Der KAC hat einen festen Platz im Herzen von Heidi Horten. In deren Leben es an Prunk nicht annähernd fehlt. Wohnsitze im exklusiven Trump Tower in New York, London, Südfrankreich, auf den Bahamas, eben erst ist ihre Luxusvilla in Aurach bei Kitzbühel fertiggeworden, das sie für ihr nobles Domizil in St. Moritz getauscht hat. Sie besitzt ein Penthouse in bester Wiener Lage, "am liebsten ist sie aber in Sekirn", erzählt Reichel.
"Haus Horten" am Telefon
Für einen Reporter ist es immer noch schwer, mit ihr zu reden, beim KAC taut sie viel öfters auf. Hallensprecher Erich Pöcheim ist ein Freund, oft bimmelt es bei ihm am Handy, dran ist das "Haus Horten". Dann erkundigt sich die Grand-Dame über die Neuigkeiten beim Meister. Ganz egal, wo immer sie auf der Weltkugel herumschwirrt, sie denkt immer an KAC.
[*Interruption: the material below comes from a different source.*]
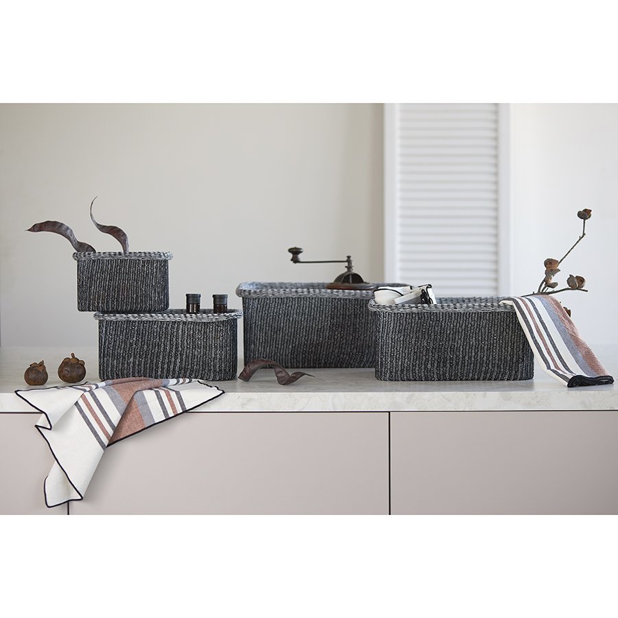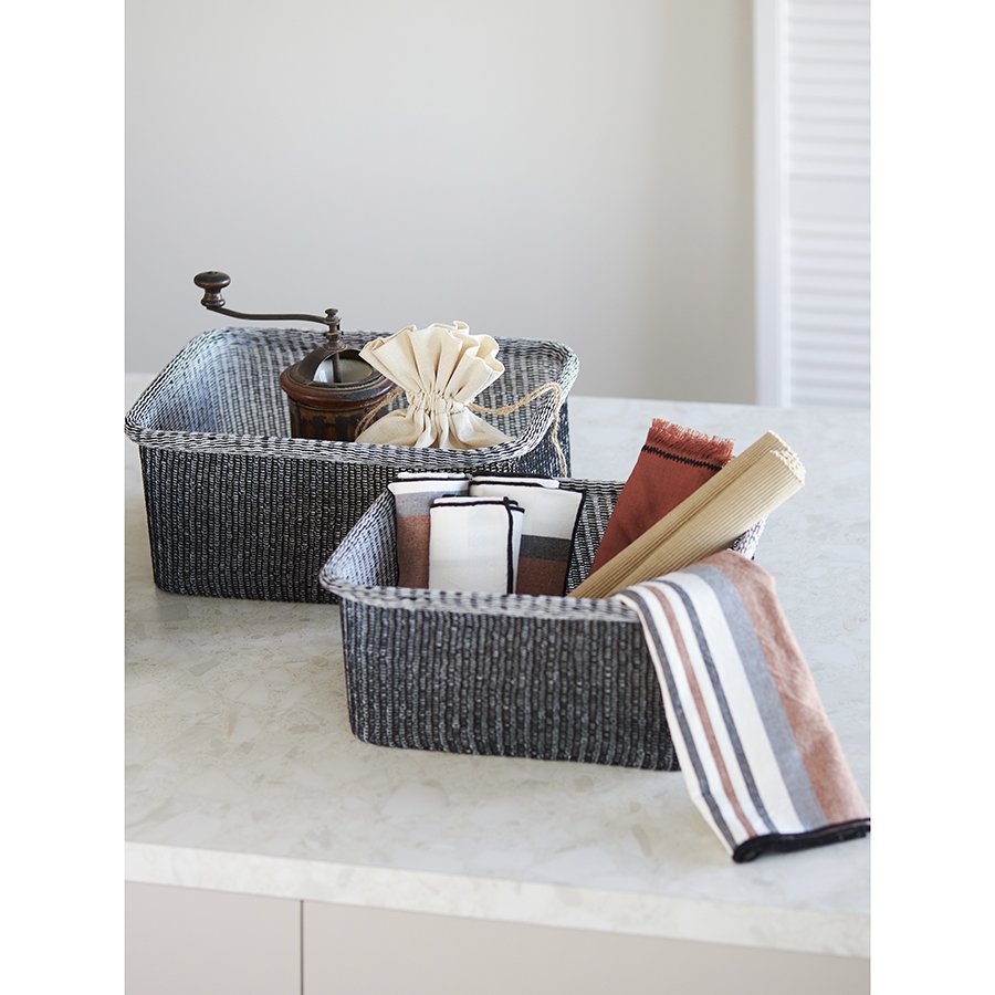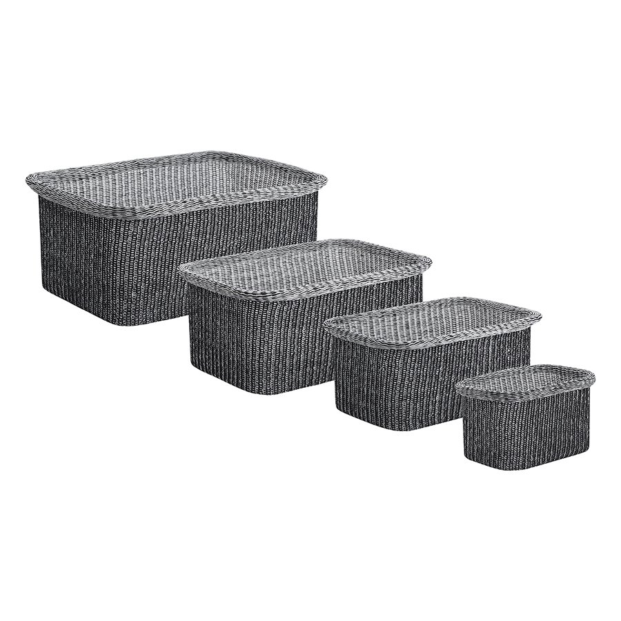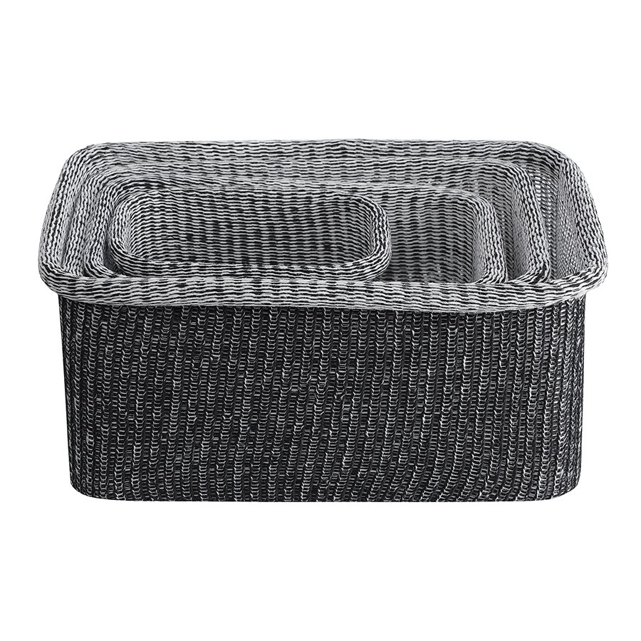 Материалы: полиэстер, хлопок, железо. Размеры корзин: 30х42х19,5 см; 27х37х18,5 см; 22х32х17 см; 17х22,5х13,5 см. Цвет: черный. Количество в наборе: 4 шт. Максимальная нагрузка: 17 кг, 13 кг, 8 кг, 3,5 кг.

Heidi war auf der Weihnachtsfeier, hat sich nach dem Freiluftderby eine Stunde mit ihrem Lieblingsspieler Rene Swette unterhalten. Als KAC die Crocs-Schuhe vorstellte, war plötzlich auch Horten dabei.
Luxusyacht um 100 Millionen Euro
Heidi hat die Carinthia VII bauen lassen, eine supermoderne Luxusyacht, die bei den mondänsten Schiffen der Welt auf Platz 19 aufscheint. 100 Millionen Euro hat das Prachtwerk gekostet oder vielleicht ein bisserl mehr. Heidi fährt einen Maybach 57, der unfassbar viel Geld kostet. Und sie kreist auch mit einem "Gulf Stream", dem Rolls Royce der Lüfte, um die Welt.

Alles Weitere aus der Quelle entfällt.